Valarian raises $50M as sovereign AI infrastructure grows
Valarian’s Series A puts more venture capital behind infrastructure designed to keep sensitive AI systems and operational data under tighter organisational control.

As AI systems move into government, defence and other high-consequence environments, control over the underlying infrastructure is becoming as important as model performance.
What happened
London-based Valarian raised a $50M Series A led by NEA, bringing its total funding to $70M. Lightbank, XTX Markets, Sequel and LitVC also participated.
The company builds infrastructure intended to help enterprises and governments deploy AI while retaining greater control over sensitive operational data, system access and security. The round also marks NEA’s first European investment focused on defence and dual-use technology.
Why it matters
Sovereign AI is expanding beyond the question of where a model is hosted. Organisations operating in regulated or security-sensitive environments increasingly want control over data movement, permissions, deployment and the surrounding software stack.

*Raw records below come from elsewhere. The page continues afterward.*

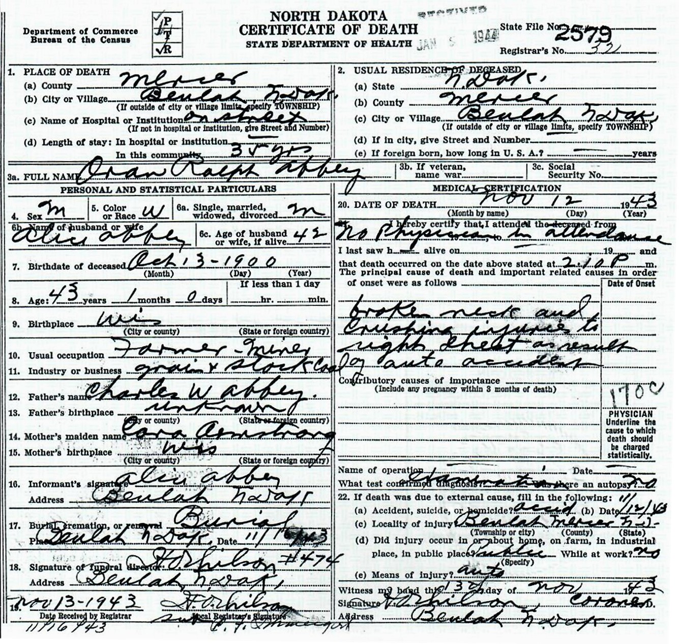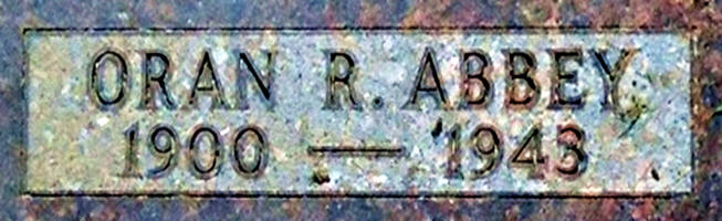 Oran Ralph Abbey was born October 13, 1899, in Milladore Twp., Wood Co., WI, and died November 12, 1943, in a car accident about a half mile from his farm, south of the Village of Beulah, Mercer Co., ND, at age 44. Buried in Saint Joseph Catholic Cemetery, Mercer Co., ND. He is the son of Charles Washington Abbey of Byron Twp., Fond du Lac Co., WI, and Cora Adella Armstrong of Baraboo, Sauk Co., WI.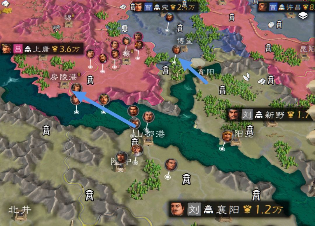 我军攻伐上庸之际,刘表自襄阳和新野调兵支援,新野来兵须过曹军境,曹操派许褚截击援兵以便我军顺利攻克上庸;自襄阳来的援兵欲经山都港走房陵港上岸,奈何上庸无力支撑到援军到来。我军攻克上庸即挥师西进,占房陵据穰城于曹军界修筑长城防线,刘表襄阳援军被阻于房陵水域,水陆攻防战即刻打响!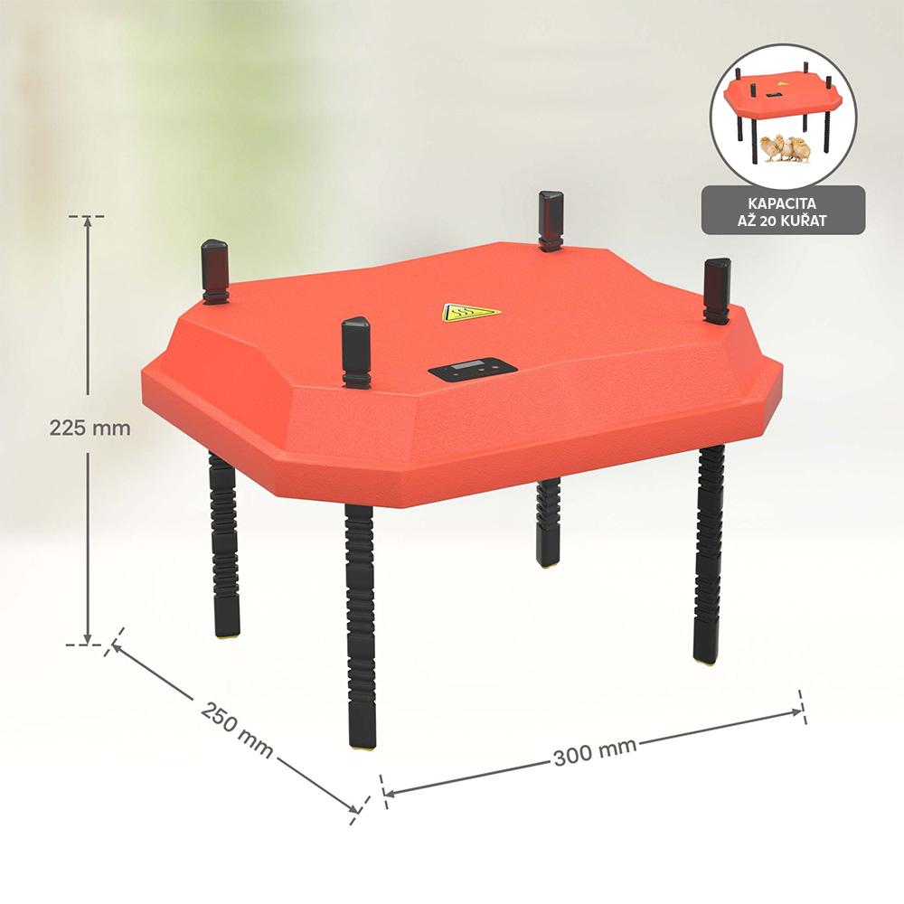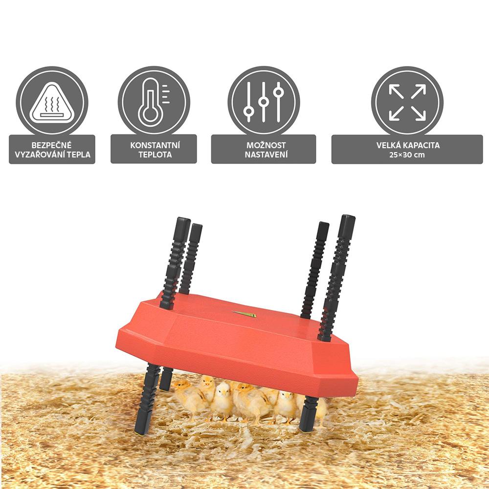 - 25 x 30 cm-es fűtőlap, maximum 20 kiscsibe befogadására alkalmas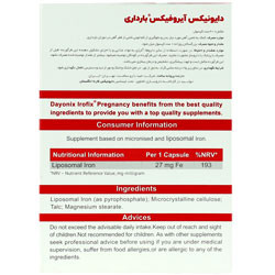 هر کپسول حاوی آهن پیروفسفات لیپوزومال معادل 27 میلی گرم آهن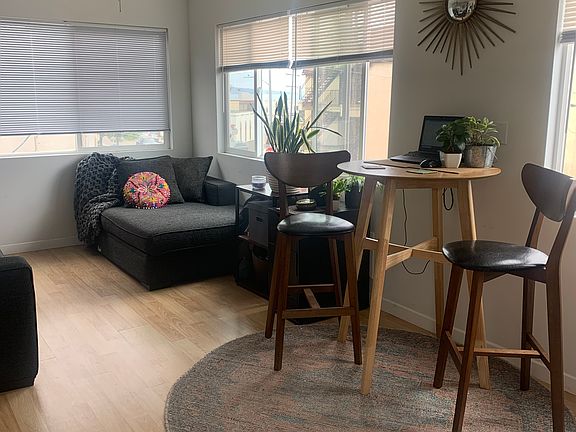 furnished with a rolling cabinet/countertop "island" that can be removed if tenant desires space instead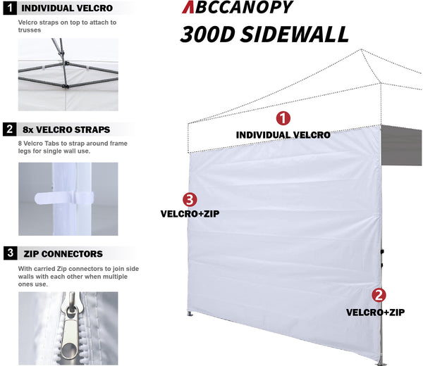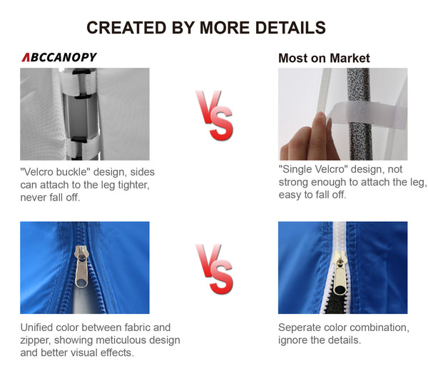 Sliver coated 300D PU polyester with CPAI-84 fire retardant certification, block 99.99% UV rays. Stitching lines are all seam sealed to prevent water penetrate from seams. 100% Waterproof. Steel D Rings on each corner, easy to use a rope to secure your canopy. Velcro straps on each valance to keep the canopy stick on the frame. Stable in the wind.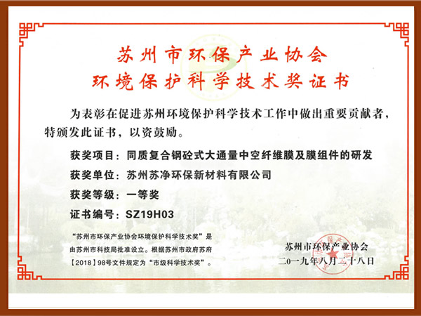 蘇州環保產業協會一等獎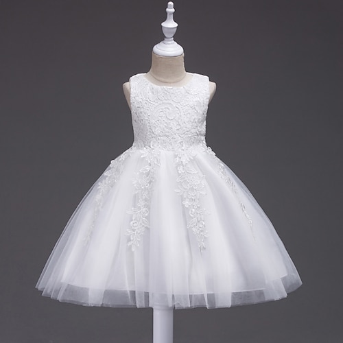 Abito da damigella d'onore bambina Ragazze Abito formale Abiti da sposa Feste Matrimonio Formale Formale Abito per la Prima Comunione Cerniera Rete Tinta unica Senza Maniche Girocollo Bianco Rosa Dai
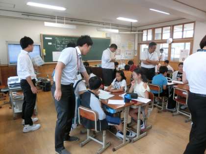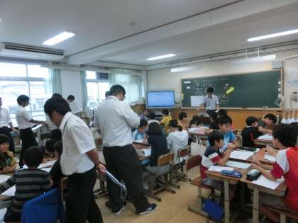 6年は組で,担任の山崎先生が,他校の1年目の先生たちに授業を公開しました。は組の子どもたちが,普段の学習の様子を見せていました。進んで発表し,活発に活動していました。子どもたちの素敵な姿が見られた授業でした。1年目の先生たちも感心しながらその様子を見ていました。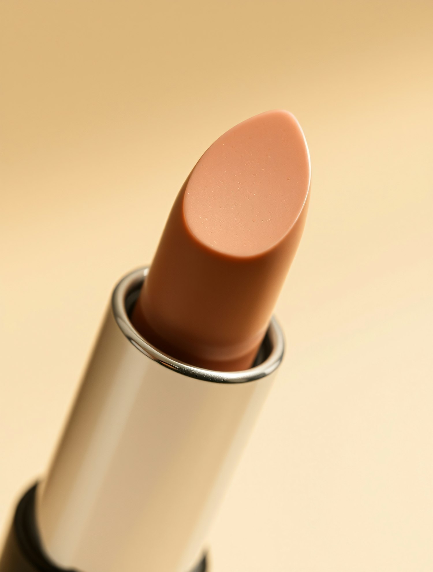 Close-up of a nude lipstick in a sleek metallic tube against a beige background, showcasing its creamy texture and elegant design.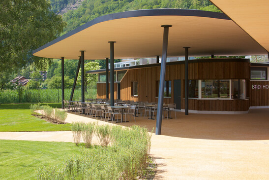 Un toit principal aux courbes organiques accentue l'accès accueillant à la plage et ombrage les places assises du restaurant. steinerARCHITEKTUR a conçu le toit en filigrane sur de fins poteaux en acier avec une trame d'à peine 8 x 8 mètres. Cette construction apparemment en apesanteur est possible grâce à la possible grâce à la technologie TS3.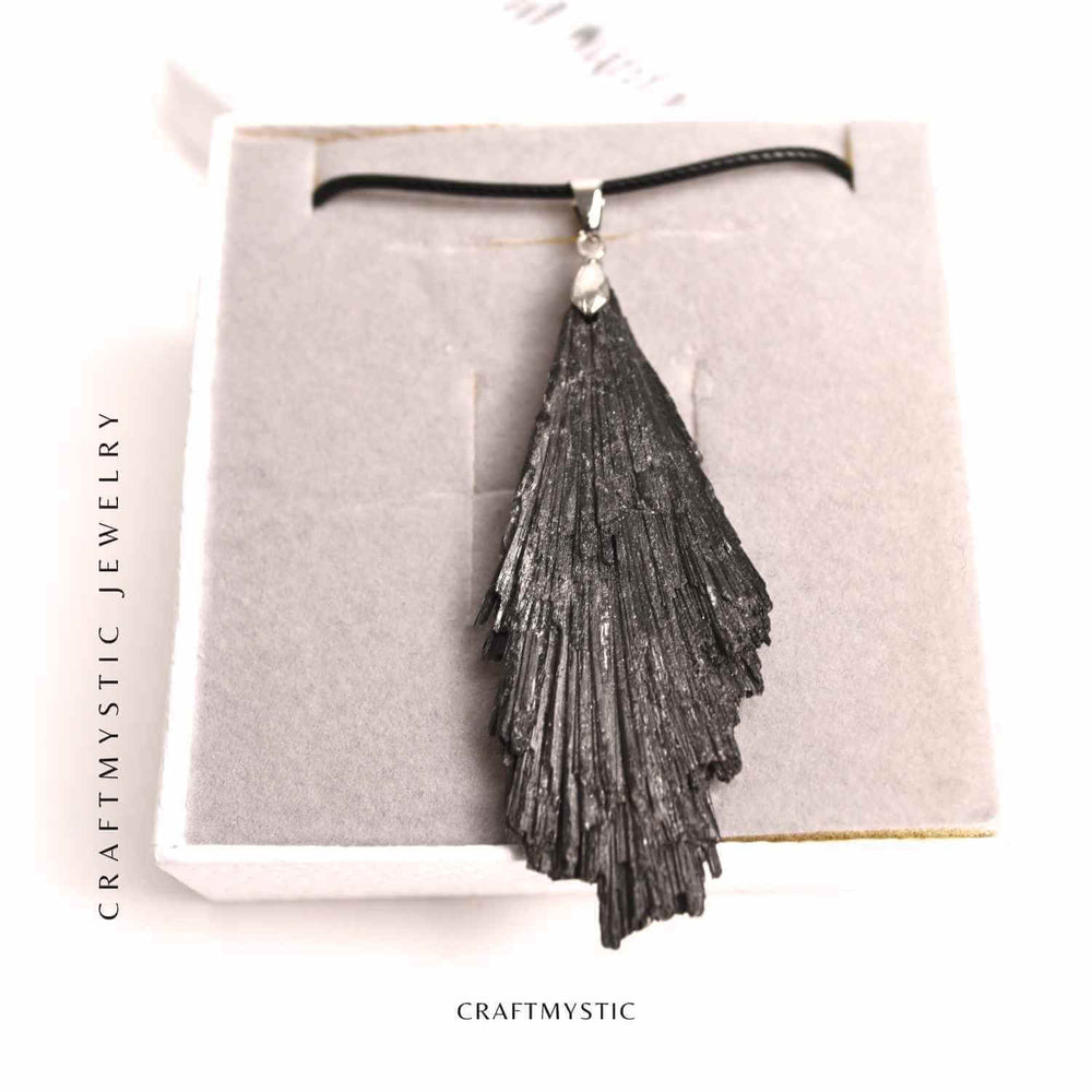 Acest colier impresionant cu pandantiv din Turmalina Neagră în formă de aripă este realizat manual și îmbină frumusețea naturală a pietrelor autentice cu un design sofisticat. Pandantivul, de dimensiuni între 65-75 mm, este fixat pe un lanț ajustabil de 50-55 cm, perfect pentru orice ținută. Materialele premium, precum alama placată argintiu, oferă rezistență și protecție împotriva oxidării, garantând longevitatea și strălucirea produsului.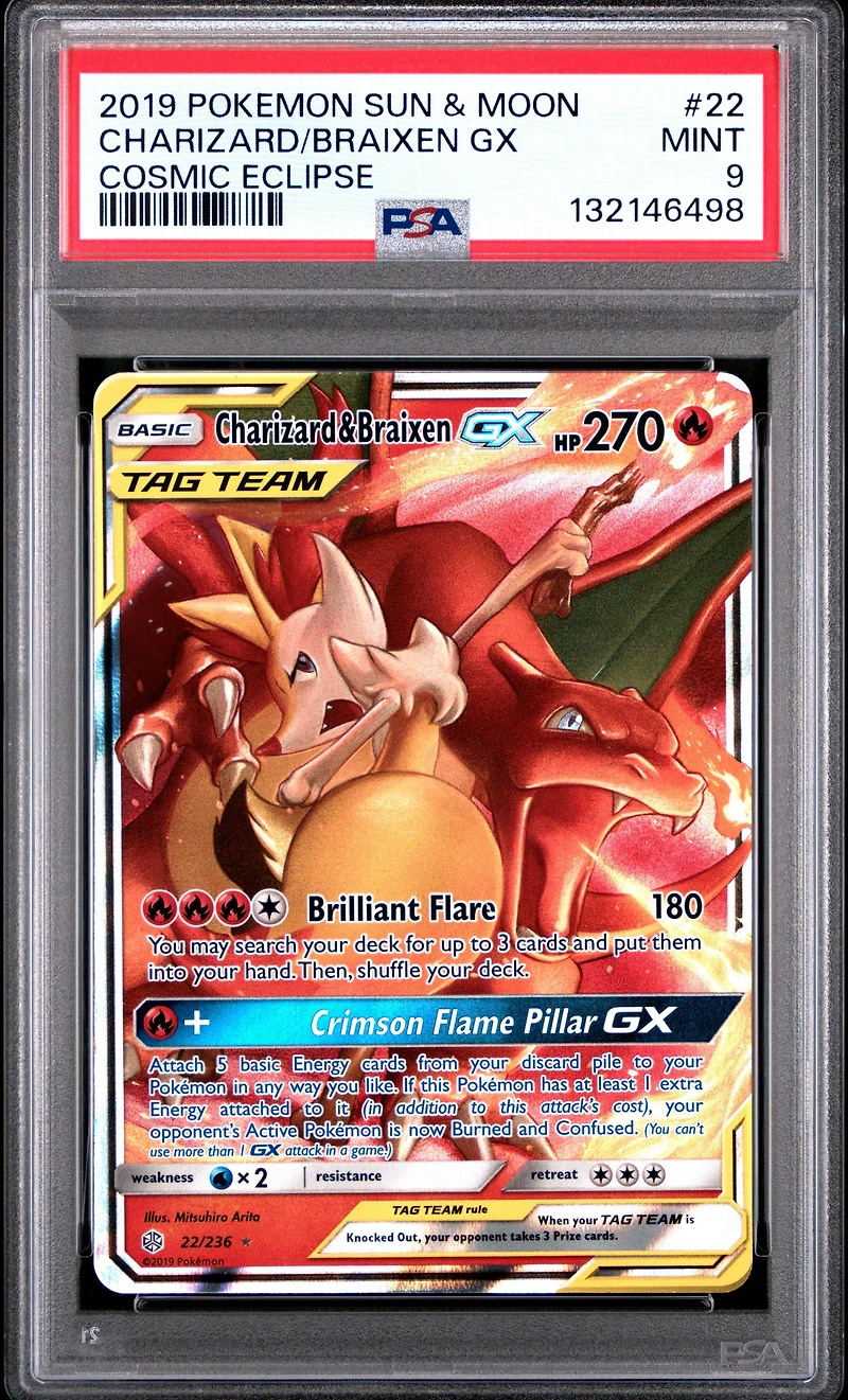 2019 Pokemon Sun & Moon Cosmic Eclipse 22 Charizard & Braixen Gx PSA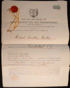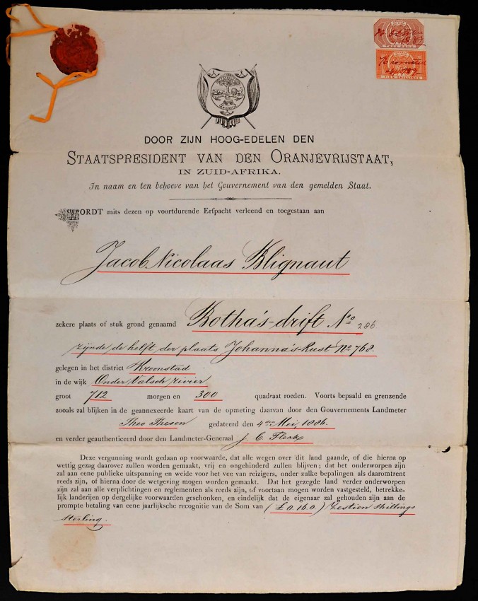 2. Oranje Vrijstaat. Botha's-drift. District Kroonstad. Signed by President F.W. Reitz and dated 20th. September 1778. Slight wear at folds but very good.
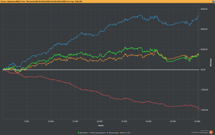 Получилось, что в раздаче ты сделал плюсовое действие на префлопе, минусовое на флопе и минусовое на терне. И затащил.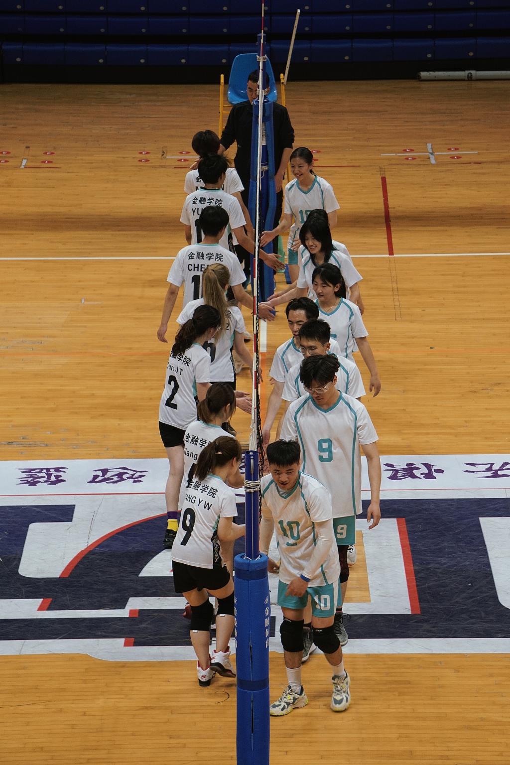 终局,战况更加焦灼。我方球员连续下球,凭借高质量传球,找准落点精准发后区,像“手术刀”一样猛攻金融肋部。金融院队二号位试探斜线,配合快球扣击,紧追不舍。我方顶住冲击,串联防守以及拦网进攻更胜一筹,逐渐掌控战局,稳住节奏。负伤的五号球员依旧防守出色,并抓住机会适时反击。九号球员承担一传的同时进攻依然犀利,利用扣球得分。局点,我方利用快球掩护两边拉开,攻手背飞得分,以15:11的比分拿下终局。最终以2:1的成绩取得伟德bv1946第一届排球联赛的第一名。

That creates room for infrastructure companies positioned between model providers and end users, especially where relying entirely on external platforms is considered too risky.
The bigger picture
European dual-use technology is attracting larger pools of institutional capital as governments and enterprises rethink digital sovereignty.
Valarian sits inside a broader shift toward AI systems that can be adopted without surrendering control over sensitive workflows. The value may increasingly sit not only in the model, but in the trusted infrastructure that makes the model deployable.